Но они были тут – Ася стояла между двух коек, теперь уже напоминая не привидение, а доброго ангела. Она молча, с ласковой улыбкой, коснулась лапищи Жука своей маленькой ручкой, а потом так же ласково, хотя и с куда меньшим смыслом, коснулась кисти «императора». Ощутив касание, этот, последний, приоткрыл глаза, щурясь от света бившей ему в глаза лампочки без абажура. Осознав, кто перед ним, Наполеон растянул потрескавшиеся губы в улыбке.
– Salut, - тихо и хрипло прошептал он. – Мы еще на этом свете?
– На этом, - подтвердил Федор, аккуратно садясь – все равно тут было больше не на что – на край его кровати. Он нашел и сам сжал чужую руку в своей, единственно желая убедиться, что человек с ним рядом – живой и настоящий, а не придуман самим Федором. Бонапарт лишь слабо дрогнул пальцами в ответ, и по его лицу пробежала темная тень. К Федору стали закрадываться весьма неприятные подозрения. Он вспомнил Тома, его красный костюм, его машинки, его рассуждения и его глаза, он вспомнил «тот коридор» и подумал, на миг отбрасывая всяческую лирику: что могло заставить такого человека сохранить жизнь своим бывшим гардам?..

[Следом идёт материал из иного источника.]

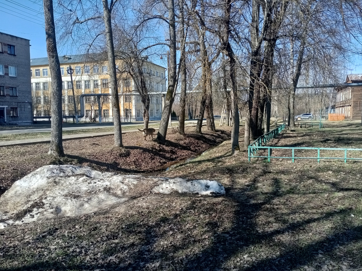 У деревца в центре - новый житель нашей улицы. Кажется, бездомный алабай. Вот где веселье...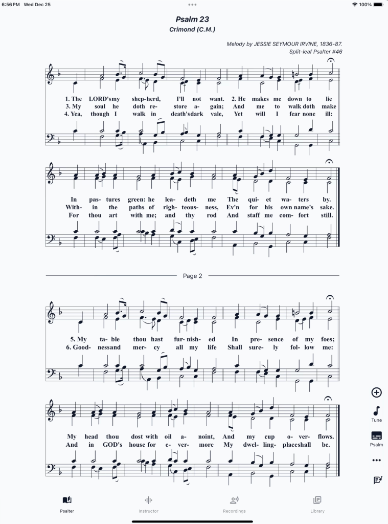 Rather interestingly, the 1650 psalter is well suited for a digital format due to the lack of copyright and flexibility of the matching of tunes to the words. Digital allows for what paper cannot. Around seven years ago, I released the 1650 Split Leaf Psalter on the App Store and Google Play. That app introduced psalm singing to tens of thousands of people. To this day, saints all over the world continue to use it and have conveyed to me how the Lord brought them to sing the psalms by it.

Вероятно, тот же вопрос задавали себе и сами выжившие.
Федор украдкой покосился на Асю, но она хлопотала над Жуковым и была полностью поглощена этим занятием. Краем глаза (общаясь с братцами, он наработал навык замечать то, что происходит в диаметрально разных углах – это было не просто полезно, это было жизненно необходимо) Федор заметил, что Наполеон тоже повернул голову в ту сторону и теперь улыбается краем рта.
– Хорошо им, – произнес он едва слышно. Федор ощутил, как вдоль позвоночника у него бегут мурашки. В голосе рыжего «императора» не было зависти, в нем и грусти-то толком не было. Он был рад за брата, но в его голосе где-то на дне плескалось ядовитое, разъедающее собственную душу «чем я хуже». Федор снова сжал его жесткую мозолистую ладонь, и снова пальцы в ответ – всегда такие цепкие и проворные – лишь дрогнули.
– Что он с вами сделал? – не выдержал Федор, понизив голос совсем до шепота. Наполеон не мог пожать плечами в ответ и изобразил на лице некую степень неопределенности.
– Он… В общем, он убил нас, - вздохнул «император Франции». – Фактически убил. Я не буду углубляться в ненужные подобности, просто… Ты же видел, чем мы зарабатываем. И теперь, боюсь, даже это нам не доступно, – он попытался сделать некий жест кистью, однако рука мало его слушалась – двигалась, будто не его вовсе, как у куклы с обрезанными нитками.